I’d like to state for the record that I love William Shakespeare. My first cat was named Shakespeare. My college senior semester was in Shakespeare’s tragedies. My college senior thesis was on Ophelia from Hamlet. I have a Shakespeare bobble-head. I have a life-size poster of Shakespeare. I’ve read most of the plays. I’ve seen most of the plays. I own most of the plays on DVD. I love Shakespeare. Love. Him. Love him.
It seems to me that we modern folk tend to focus on Shakespeare’s fancy language, forgetting that it was just the way people talked back then. We forget that Shakespeare wrote plays for the regular guys. Writing and putting on plays was how he made his living, after all. And if he was going to pack the house night after night and increase his percentage of the take at the door, he needed to appeal to the common rabble – there just weren’t that many aristocrats around.
So I’d like to share a little secret that your English teacher isn’t going to tell you. William Shakespeare wrote to please the masses so they would keep buying tickets.

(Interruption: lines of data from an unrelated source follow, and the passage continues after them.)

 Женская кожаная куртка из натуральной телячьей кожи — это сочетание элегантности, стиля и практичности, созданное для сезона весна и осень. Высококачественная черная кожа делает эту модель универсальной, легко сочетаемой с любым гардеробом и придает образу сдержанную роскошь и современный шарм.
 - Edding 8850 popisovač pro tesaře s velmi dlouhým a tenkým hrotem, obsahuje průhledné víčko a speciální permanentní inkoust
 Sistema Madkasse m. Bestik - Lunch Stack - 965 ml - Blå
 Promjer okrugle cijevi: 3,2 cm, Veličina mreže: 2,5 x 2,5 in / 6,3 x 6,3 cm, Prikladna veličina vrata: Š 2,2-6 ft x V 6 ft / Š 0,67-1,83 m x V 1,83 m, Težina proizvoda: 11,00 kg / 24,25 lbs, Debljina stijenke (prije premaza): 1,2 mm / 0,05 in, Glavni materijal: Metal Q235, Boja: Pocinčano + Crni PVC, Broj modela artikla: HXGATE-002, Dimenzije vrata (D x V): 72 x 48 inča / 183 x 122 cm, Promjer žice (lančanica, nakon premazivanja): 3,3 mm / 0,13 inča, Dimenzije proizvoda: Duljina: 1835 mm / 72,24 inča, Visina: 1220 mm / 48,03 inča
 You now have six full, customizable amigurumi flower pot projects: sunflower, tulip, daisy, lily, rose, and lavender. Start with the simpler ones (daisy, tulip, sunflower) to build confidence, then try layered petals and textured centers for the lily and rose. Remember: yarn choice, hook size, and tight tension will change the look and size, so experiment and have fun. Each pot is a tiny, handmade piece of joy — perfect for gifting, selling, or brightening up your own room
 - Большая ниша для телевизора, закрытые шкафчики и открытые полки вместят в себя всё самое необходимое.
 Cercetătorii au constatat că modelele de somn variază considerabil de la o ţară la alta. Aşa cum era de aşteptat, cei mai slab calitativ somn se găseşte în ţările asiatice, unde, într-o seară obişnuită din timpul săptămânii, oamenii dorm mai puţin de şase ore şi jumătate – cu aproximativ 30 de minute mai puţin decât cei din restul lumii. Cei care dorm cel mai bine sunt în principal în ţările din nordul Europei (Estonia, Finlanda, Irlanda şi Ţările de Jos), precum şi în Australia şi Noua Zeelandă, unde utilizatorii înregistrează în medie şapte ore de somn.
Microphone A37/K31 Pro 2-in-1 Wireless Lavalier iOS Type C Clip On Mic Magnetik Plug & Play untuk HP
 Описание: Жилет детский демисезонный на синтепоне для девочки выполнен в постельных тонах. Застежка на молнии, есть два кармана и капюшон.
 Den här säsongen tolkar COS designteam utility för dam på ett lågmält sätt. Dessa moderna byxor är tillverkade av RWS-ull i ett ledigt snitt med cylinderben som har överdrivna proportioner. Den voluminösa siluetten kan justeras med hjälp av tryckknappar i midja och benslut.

He pleased them by throwing bawdy, rowdy humor into almost every play, no matter how serious the overall story. He pleased them by writing the worst kind of hacker /slasher trash (Titus Andronicus– ick). He pleased them by using special effects (“exit – chased by a bear”). Basically he pleased them by being pretty lowbrow in a lot of ways. Because if he didn’t please them, they would throw food and…other things…at the actors. And they wouldn’t come back and buy more tickets.
The real awesomeness of Shakespeare, in my humble opinion, is that he did all of this – he provided raucous entertainment that literally kept people standing for hours – while at the same time managing to convey pure and heartbreaking truths. He pleased the masses, yes, but he (usually) did not compromise his story to do so. He talked about real people, in a real way, with honesty. And because he did, we love him more than 500 years later.
The lesson I take away from Shakespeare is not only that he wrote beautifully, honestly and well. It is that he wrote beautifully, honestly and well, while at the same time entertaining the tunics off those schlubs in the theater.
Because entertainment and thoughtful insight do not have to be mutually exclusive.
It only seems that way sometimes on tv.